En effet, domptant leurs craintes, Sayuri et Hisao retournent dès le lendemain dans cet étrange jardin d’enfant. Ils comprennent rapidement que celui qui se présente sous le nom de Sans-dents est un fantôme (pourtant, il a des jambes comme le fait remarquer Hisao). Pour permettre à cette âme en peine de trouver le repos et de rejoindre le monde des morts, nos deux jeunes protagonistes vont partir à la recherche de son corps, jamais retrouvé. Ils se lancent alors dans une enquête policière, notamment en profitant des ressources paranormales du jardin d’enfant. Fantastique, épouvante, enquête et suspense sont donc au menu d’un récit rondement mené et captivant, sachant jouer sur les peurs enfantines et le folklore japonais.

Animus est un graphic novel à destination des jeunes adultes (Young Adult) ressemblant à un manga. Il a d’ailleurs été conçu à l’origine en sens de lecture japonais, ce qui a nécessité un travail d’adaptation afin de le passer en sens occidental. Il a été réalisé dans la deuxième moitié des années 2010 par Antoine Revoy, un auteur français (il est né en 1977 à Paris) vivant actuellement sur la côte Est des États-Unis après avoir passé une partie de son enfance au Japon (de 6 à 12 ans) et dans d’autres pays. Il a étudié le graphisme et le design aux USA avant de travailler en Irlande et en France. Il s’est installé à nouveau aux États-Unis il y a un peu plus de dix ans. Graphiste, designer et illustrateur à succès, Revoy s’est donc aussi lancé dans la bande dessinée.

Pour une première, il faut reconnaître que c’est un coup de maître. D’ailleurs, une deuxième œuvre est annoncée pour 2021 par First Second, son éditeur américain. Il s’agit de Ghost Notes, une histoire de trois fantômes retenus dans notre monde et qui aimeraient bien rejoindre l’au-delà. C’est ainsi qu’Animus propose un bel exemple de « global manga » et il est surprenant qu’une première œuvre soit aussi réussie tant graphiquement que narrativement. Son histoire est vraiment prenante. Cela démontre une fois de plus qu’il est possible de faire une bande dessinée équivalente aux mangas sans avoir à rougir des auteurs japonais, ce qui n’est pas toujours chose aisée comme je le montrais il y a quelques temps dans une conférence dédiée au manfra.

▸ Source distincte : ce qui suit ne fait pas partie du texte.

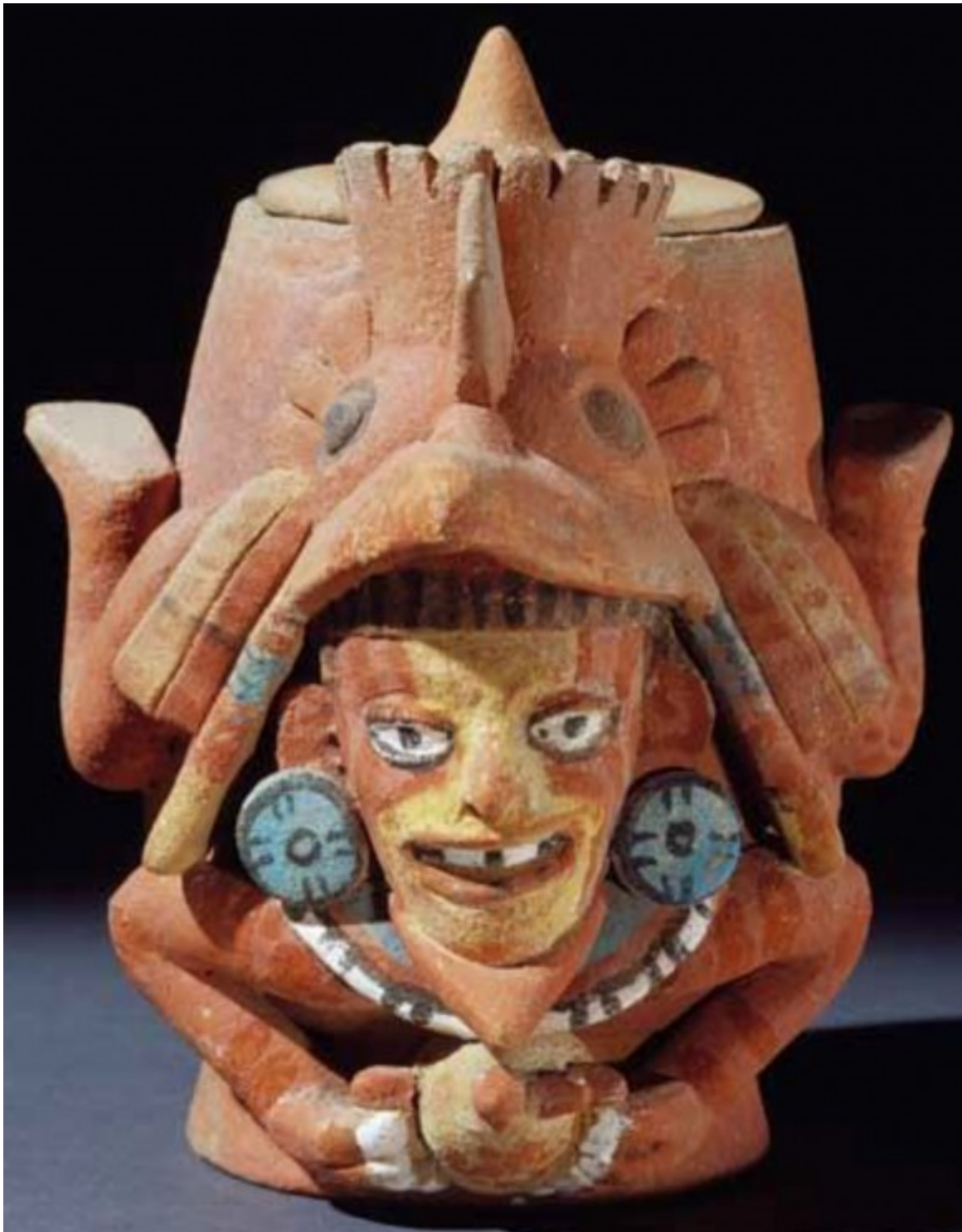
Figure 9: Ceramic diving god container wearing a bird headdress, housed at the U.S. Library of Congress

[Page 73]Most have a bird headdress, representative of their high god. The answer as to who this god may represent is varied: The Maize God, Itzamna, or Quetzalcoatl. We do not really know. Such depictions of a deity descending are associated with sacrifice; however, many of them have been interpreted as a symbol of the sun, fertility, and maize. 38

Le dessin est ici typiquement seinen, se plaçant plutôt dans la filiation de Katsuhiro Ôtomo (nous sommes loin de l’école Tezuka ou du gekiga). Pourtant, il ne faut pas s’attendre aux grands yeux qui caractérisent la bande dessinée japonaise (du moins pour la plupart des lectrices et lecteurs occidentaux). D’ailleurs, sur ce point, le traitement d’Antoine Revoy est parfois déroutant, surtout concernant Sayuri et Hisao. En effet, principalement pour les enfants, l’auteur ne semble pas faire un gros travail sur la représentation des yeux asiatiques : les paupières sont inexistantes, les personnages regardent à travers de minces et minuscules fentes obliques. Pourtant, nous aurions pu nous attendre, sur ce point particulier, à une influence plus manifestement manga, avec par exemple, une reprise du style de Naoki Urasawa qui maîtrise parfaitement les physionomies asiatiques et occidentales tout en sachant les varier, avec ici de plus grands yeux pour les enfants. Pourtant, le travail de Revoy est remarquable sur le visage du commissaire Koyasu.

Néanmoins, l’auteur a raison, il se crée ainsi un style plus personnel et ne cherche pas à copier servilement le dessin « manga » (pour ce que cela signifie, lorsqu’on connait la diversité de la bande dessinée japonaise notamment dans sa partie alternative). Est-ce de sa part une vision occidentale / franco-belge des traits asiatiques, qui passe principalement par les yeux ? Ou n’y aurait-il pas une volonté d’originalité ? Quoi qu’il en soit, une fois l’habitude prise, cela ne pose aucun problème pour apprécier l’histoire. La narration, elle, ne pose aucune difficulté. Les personnages sont immédiatement reconnaissables, les planches sont agencées de façon classique : pas de mis en page éclatée, pas de recherche d’effet, les enchainements de cases sont variés mais ne font jamais perdre le fil de la lecture : la lisibilité passe avant tout, même lorsqu’il y a un changement d’unité de temps ou de lieu.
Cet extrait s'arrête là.